Exercise requirements:
Restate, word for word and with no pictures, the stretch of lines in the data below that begins at the line with "[충청뉴스큐] 천안시는 오는" and ends at the line with "Chemex - űrtartalma", inclusive.

Working data:
== == ==

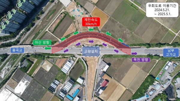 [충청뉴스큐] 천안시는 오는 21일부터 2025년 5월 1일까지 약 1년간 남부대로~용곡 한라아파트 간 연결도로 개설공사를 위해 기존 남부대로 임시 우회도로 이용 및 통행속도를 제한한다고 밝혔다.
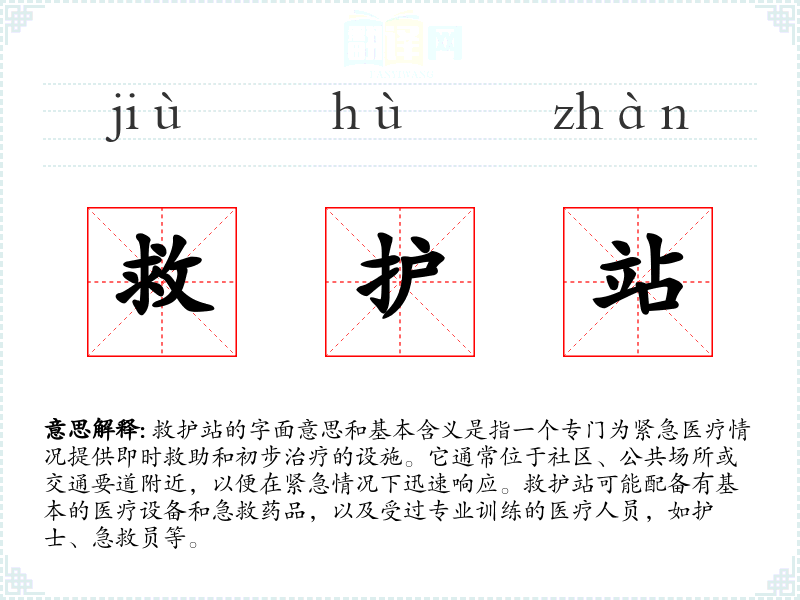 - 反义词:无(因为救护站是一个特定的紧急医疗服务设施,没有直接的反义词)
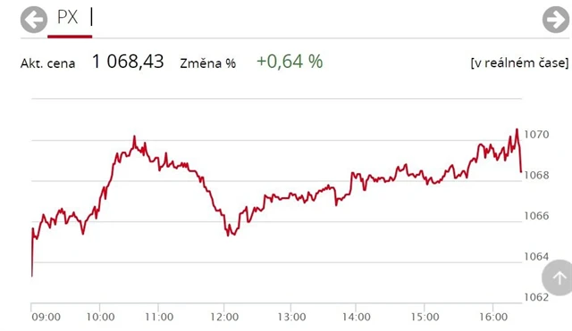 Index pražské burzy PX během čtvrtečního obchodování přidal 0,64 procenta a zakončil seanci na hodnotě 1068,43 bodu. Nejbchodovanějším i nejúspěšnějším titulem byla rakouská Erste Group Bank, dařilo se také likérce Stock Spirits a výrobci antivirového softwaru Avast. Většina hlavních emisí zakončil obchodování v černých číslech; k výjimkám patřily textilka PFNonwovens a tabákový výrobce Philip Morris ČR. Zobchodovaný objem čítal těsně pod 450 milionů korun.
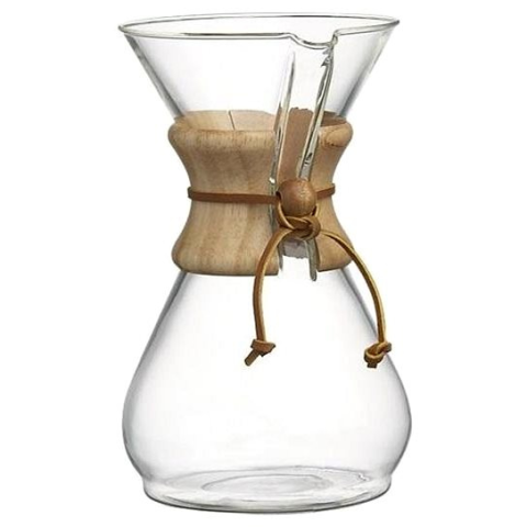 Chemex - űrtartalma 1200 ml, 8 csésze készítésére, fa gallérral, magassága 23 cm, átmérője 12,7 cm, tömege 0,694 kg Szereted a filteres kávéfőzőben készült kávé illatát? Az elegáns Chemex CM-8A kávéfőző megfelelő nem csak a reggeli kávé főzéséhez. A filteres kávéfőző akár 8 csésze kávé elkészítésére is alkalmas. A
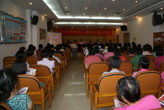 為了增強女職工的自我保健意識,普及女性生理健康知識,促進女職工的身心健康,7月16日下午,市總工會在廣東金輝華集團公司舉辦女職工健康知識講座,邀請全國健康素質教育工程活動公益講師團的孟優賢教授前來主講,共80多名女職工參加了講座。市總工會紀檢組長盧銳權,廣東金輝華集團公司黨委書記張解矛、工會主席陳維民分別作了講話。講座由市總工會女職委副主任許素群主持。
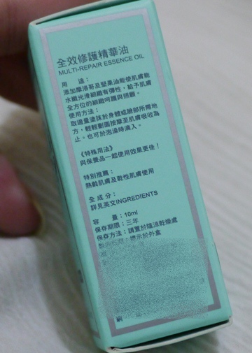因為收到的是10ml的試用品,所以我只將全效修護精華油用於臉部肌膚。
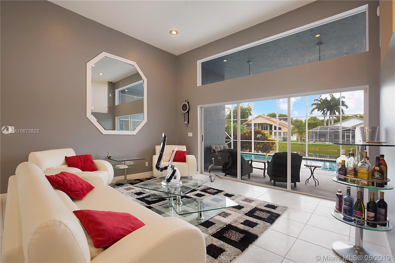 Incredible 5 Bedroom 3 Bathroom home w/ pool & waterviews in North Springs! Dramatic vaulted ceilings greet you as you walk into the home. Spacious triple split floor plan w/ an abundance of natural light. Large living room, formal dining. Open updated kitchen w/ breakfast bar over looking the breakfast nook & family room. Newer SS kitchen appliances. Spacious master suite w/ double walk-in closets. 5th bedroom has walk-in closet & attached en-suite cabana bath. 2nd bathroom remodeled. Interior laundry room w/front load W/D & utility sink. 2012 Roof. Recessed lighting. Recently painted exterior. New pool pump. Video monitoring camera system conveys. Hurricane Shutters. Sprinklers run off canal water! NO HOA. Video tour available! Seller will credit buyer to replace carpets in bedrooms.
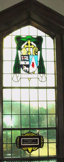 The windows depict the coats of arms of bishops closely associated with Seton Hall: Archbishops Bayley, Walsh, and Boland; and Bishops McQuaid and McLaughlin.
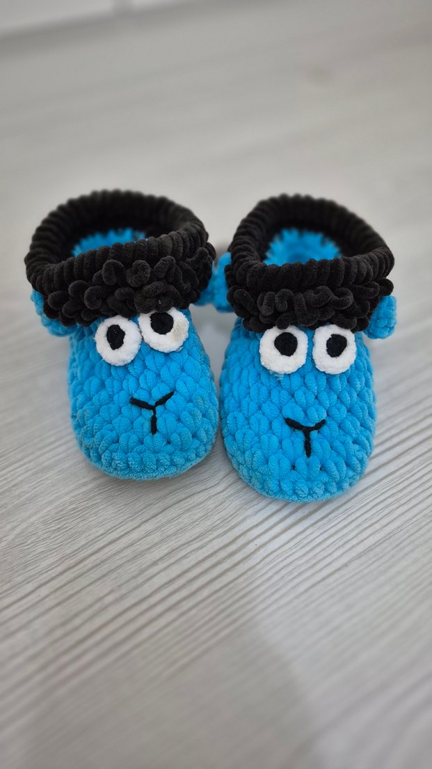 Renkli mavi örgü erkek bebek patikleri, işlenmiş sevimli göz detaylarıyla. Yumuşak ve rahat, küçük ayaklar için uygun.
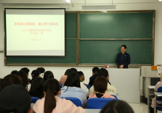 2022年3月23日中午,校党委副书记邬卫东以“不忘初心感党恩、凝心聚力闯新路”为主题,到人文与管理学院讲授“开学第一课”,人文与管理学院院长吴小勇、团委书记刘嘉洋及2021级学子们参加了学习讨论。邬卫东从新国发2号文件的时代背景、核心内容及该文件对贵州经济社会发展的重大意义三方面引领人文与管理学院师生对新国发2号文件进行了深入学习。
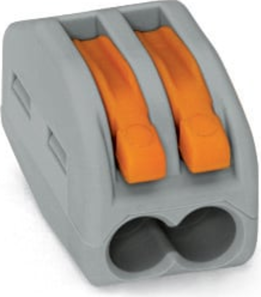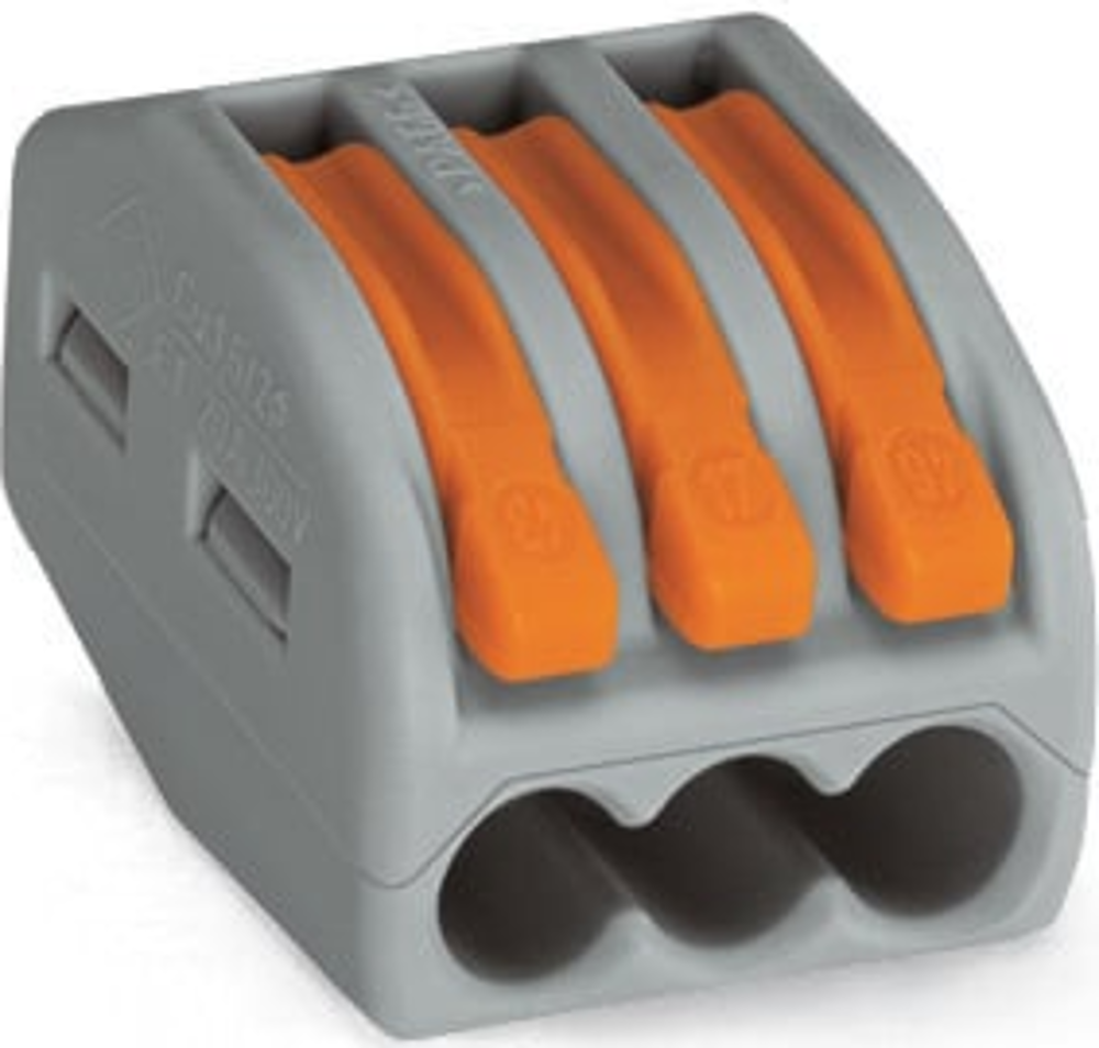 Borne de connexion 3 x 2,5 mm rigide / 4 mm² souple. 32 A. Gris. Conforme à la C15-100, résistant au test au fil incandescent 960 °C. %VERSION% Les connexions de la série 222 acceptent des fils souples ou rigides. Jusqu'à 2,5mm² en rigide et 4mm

== == ==

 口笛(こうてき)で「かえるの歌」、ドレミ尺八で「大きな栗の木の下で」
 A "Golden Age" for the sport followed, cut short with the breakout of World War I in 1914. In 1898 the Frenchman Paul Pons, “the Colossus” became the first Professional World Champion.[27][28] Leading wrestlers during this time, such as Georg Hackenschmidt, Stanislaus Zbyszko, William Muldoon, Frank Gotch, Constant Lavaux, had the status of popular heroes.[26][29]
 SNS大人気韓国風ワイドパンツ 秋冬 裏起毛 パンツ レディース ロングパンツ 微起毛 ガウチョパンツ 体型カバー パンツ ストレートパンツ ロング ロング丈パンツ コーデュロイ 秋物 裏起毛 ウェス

== == ==

Expected output:
 [충청뉴스큐] 천안시는 오는 21일부터 2025년 5월 1일까지 약 1년간 남부대로~용곡 한라아파트 간 연결도로 개설공사를 위해 기존 남부대로 임시 우회도로 이용 및 통행속도를 제한한다고 밝혔다.
 - 反义词:无(因为救护站是一个特定的紧急医疗服务设施,没有直接的反义词)
 Index pražské burzy PX během čtvrtečního obchodování přidal 0,64 procenta a zakončil seanci na hodnotě 1068,43 bodu. Nejbchodovanějším i nejúspěšnějším titulem byla rakouská Erste Group Bank, dařilo se také likérce Stock Spirits a výrobci antivirového softwaru Avast. Většina hlavních emisí zakončil obchodování v černých číslech; k výjimkám patřily textilka PFNonwovens a tabákový výrobce Philip Morris ČR. Zobchodovaný objem čítal těsně pod 450 milionů korun.
 Chemex - űrtartalma 1200 ml, 8 csésze készítésére, fa gallérral, magassága 23 cm, átmérője 12,7 cm, tömege 0,694 kg Szereted a filteres kávéfőzőben készült kávé illatát? Az elegáns Chemex CM-8A kávéfőző megfelelő nem csak a reggeli kávé főzéséhez. A filteres kávéfőző akár 8 csésze kávé elkészítésére is alkalmas. A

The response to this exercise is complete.